3 Riskier Warren Buffett Stocks That Could Beat the Dow Jones

Warren Buffett and company Berkshire Hathaway (BRK.A -0.80%)(BRK.B -0.63%) have a long track record of beating broader market indices such as the Dow Jones Industrial Average. Between 1965 and 2020, Berkshire stock has had an average annual return of around 20%, while the Dow has had an average annual return of around 7.75% between 1921 and 2019.

Much of this is due to Buffett and Berkshire’s more than $350 billion stock portfolio. While some actions like Apple and Bank of America make up a huge percentage of the portfolio and are likely the ones that Buffett and Berkshire consider safer, there are other smaller picks in the portfolio that Buffett and Berkshire may deem riskier but also have much more upside potential. Here are three riskier Buffett stocks that can beat the Dow over the long term.

Image source: The Motley Fool.

1. Citigroup

As a shareholder, I was delighted to see Buffett and Berkshire take ownership of shares of Citigroup (VS -1.03%) in the first quarter of this year. The bank has struggled for years to generate the same kind of return as its big bank counterparts, leading many to believe it is a value trap. Citigroup has repeatedly traded below its tangible book value (TBV), or net worth, over the past decade. But it’s the first time Berkshire has bought shares since 2001, according to documents filed by the Securities and Exchange Commission.

In my opinion, it looks like this time may indeed be different with CEO Jane Fraser, who took the reins of the bank about a year ago, planning major strategic changes, including the sale of most banking divisions. international banking, doubling areas of strength, and finally investing what is needed to resolve regulatory issues.

The big risk here is that the transformation could still be a multi-year journey and investors will run out of patience so there is very little room for error and this is a stock that could continue to be a value trap. . But trading just 67% off its TBV, the stock has around 47% upside just to get back to TBV, which wouldn’t even be considered good valuation in today’s banking industry.
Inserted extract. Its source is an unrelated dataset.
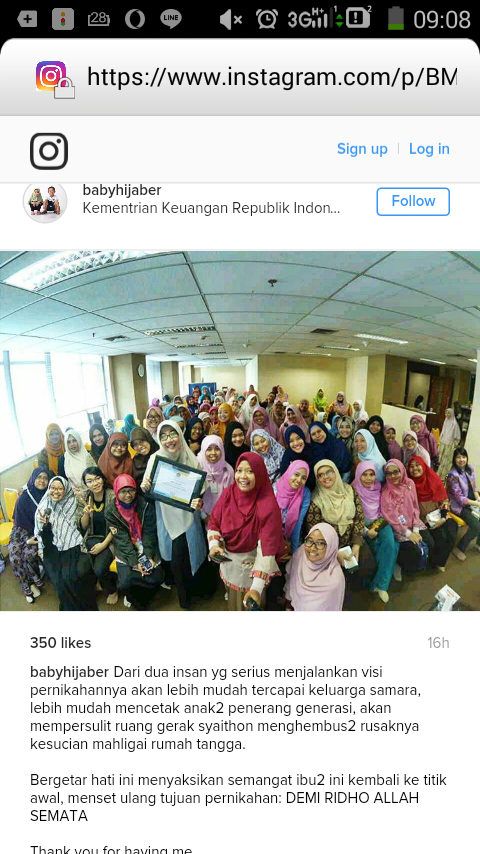 Meski postingan sehebat apa pun, pasti ada sisi kurang dari keluarga tersebut yang tidak ditampakkan. Postingan seburuk apa pun (mengeluh dst), pasti ada kebaikan yang mungkin sedang lupa diingat. Ambil baik-baiknya saja, jika ada yang jelek mari kita jadikan PR agar keluarga kita tidak begitu, jadikan bahan untuk diskusi dengan suami agar hal serupa tidak menimpa keluarga kita. Lalu kembali lagi ke tujuan hidup kita, apa iya hanya soal dunia? Jika kita telah mengontrol keinginan kita terhadap dunia, in sya Allah kita tidak akan tergoda dan baper. Ikut bahagia saja selama positif. Jangan lupa bahwa segala sesuatu akan dihisab, makin banyak harta maka makin panjang hisab kita nanti. Jangan salah, yang tampak indah di media sosial belum tentu di belakang tidak banyak masalah (mommy mencontohkan ada yang kesulitan membayar cicilan mobil mewah sampai harus pinjam uang ke teman). Ingin nyaman boleh, muslim yang kaya juga bisa memberi banyak manfaat. Tapi jangan jadikan sebagai tujuan hidup. Nah, kalau pencapaian akhirat, boleh kita baper. Jadikan sebagai motivasi.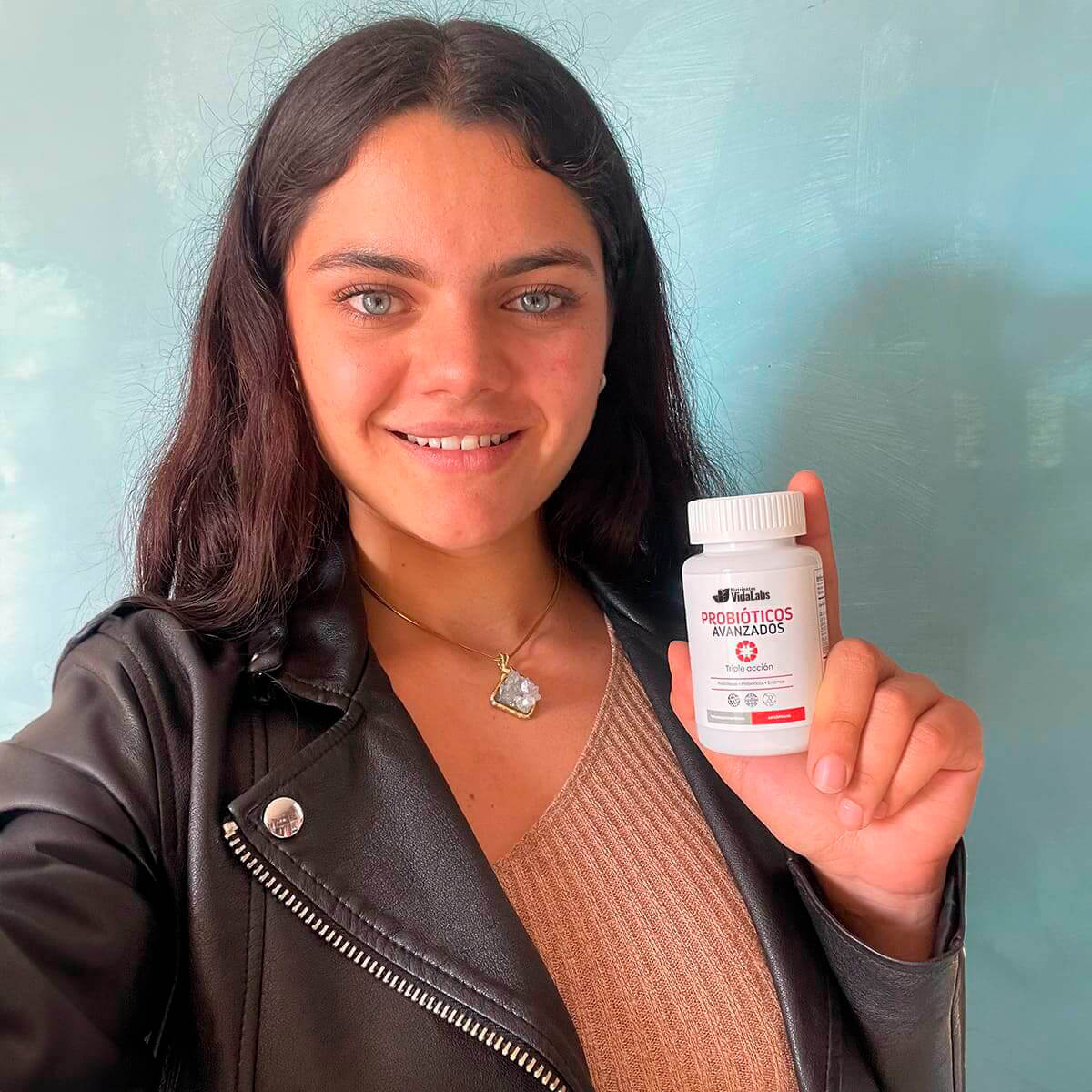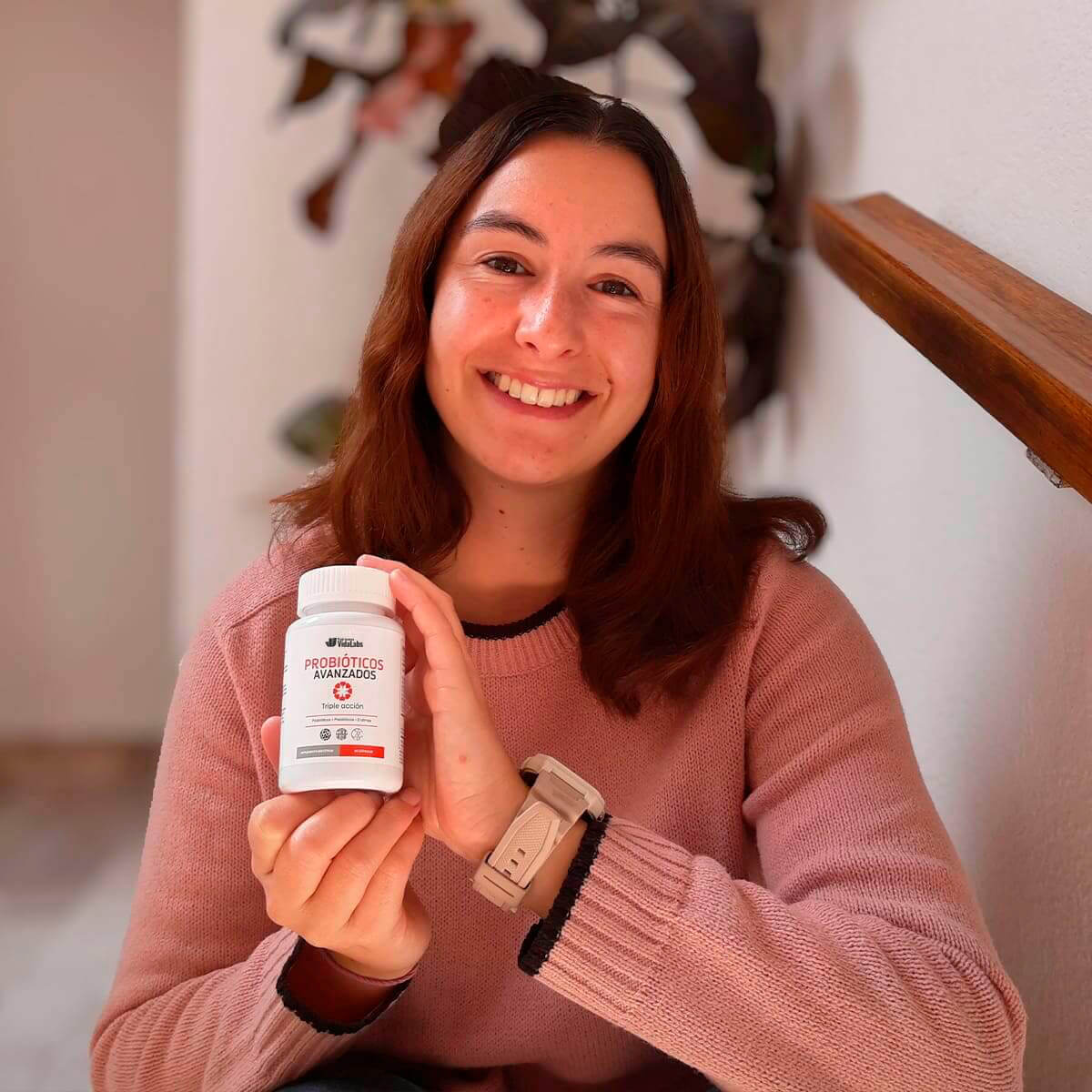 Me encantan los Probióticos Avanzados porque son un suplemento súper completo. Tienen el beneficio de los probióticos con un montón de cepas que nos ayudan a equilibrar la microbiota. Además, traen prebióticos, que ayudan a potenciar el efecto de esos probióticos, porque son el alimento de esas bacterias que metemos con los probióticos. Y, para terminar, me parece una ventaja bárbara que también tengan enzimas digestivas; estas son difíciles de encontrar en otros probióticos y de verdad que hacen la diferencia. Ayudan a que tu sistema esté desinflamado y más liviano. Me parece una opción excelente de suplemento para mejorar la digestión.

Citigroup’s investment banking unit, large US deposit market share, and extremely global presence are some characteristics that would be hard to replicate. The bank also has a dividend yield of around 3.8%, which will compensate investors well while they wait for the transformation plan to materialize.

2. Allied Financial

The big digital bank and car lender Allied Financial (ALLY 0.05%) is another stock that Berkshire picked up earlier this year that has many of the attributes of a classic Buffett stock. Not only is Ally trading at a cheap valuation, but it’s also returning a fair amount of capital to shareholders. Although it generated strong returns in 2021 and guided lower but still impressive returns going forward, Ally only trades at around 116% TBV and 5.6x earnings at term.

Ally faces some big risks. There could be a recession in the near future that would result in consumers not repaying their loans at higher rates than management currently anticipates. There are also concerns about what will happen to used car prices, which have been high, although Ally’s management team expects prices to eventually come down. Higher interest rates could also increase Ally’s deposit costs and reduce margins, although the bank has significantly increased its retail deposit base in recent years.

Still, if Ally can ride out some of these near-term headwinds and still generate good returns, the stock will likely be repriced. Ally is also returning a lot of capital to shareholders and plans to execute a $2 billion share buyback plan this year alone.

3. Nu Holdings

Berkshire has clearly been interested in Latin America’s growing financial sector, and with good reason given the huge potential. Last year, Berkshire invested in the Brazilian challenger bank Nu Holdings (NAKED 9.03%), which has made tremendous strides with its frictionless, low-fee banking experience. Nu has acquired nearly 60 million customers with an industry-leading low customer acquisition cost. Nu currently has 33% of Brazil’s adult population and has provided millions of its customers with their first bank account or credit card. Nu is also growing in Mexico and Colombia.

The risk here is that the Latin American market can be challenging, given high levels of inflation and volatile economic conditions. Additionally, Nu is not yet profitable and will likely face stiff competition. But the company is increasing its earnings significantly and after the huge sell-off in growth stocks this year, investors have the rare opportunity to buy Nu shares at a much cheaper valuation than when Buffett or Berkshire entered. Nu is a leading digital disruptor in one of the fastest growing banking regions in the world.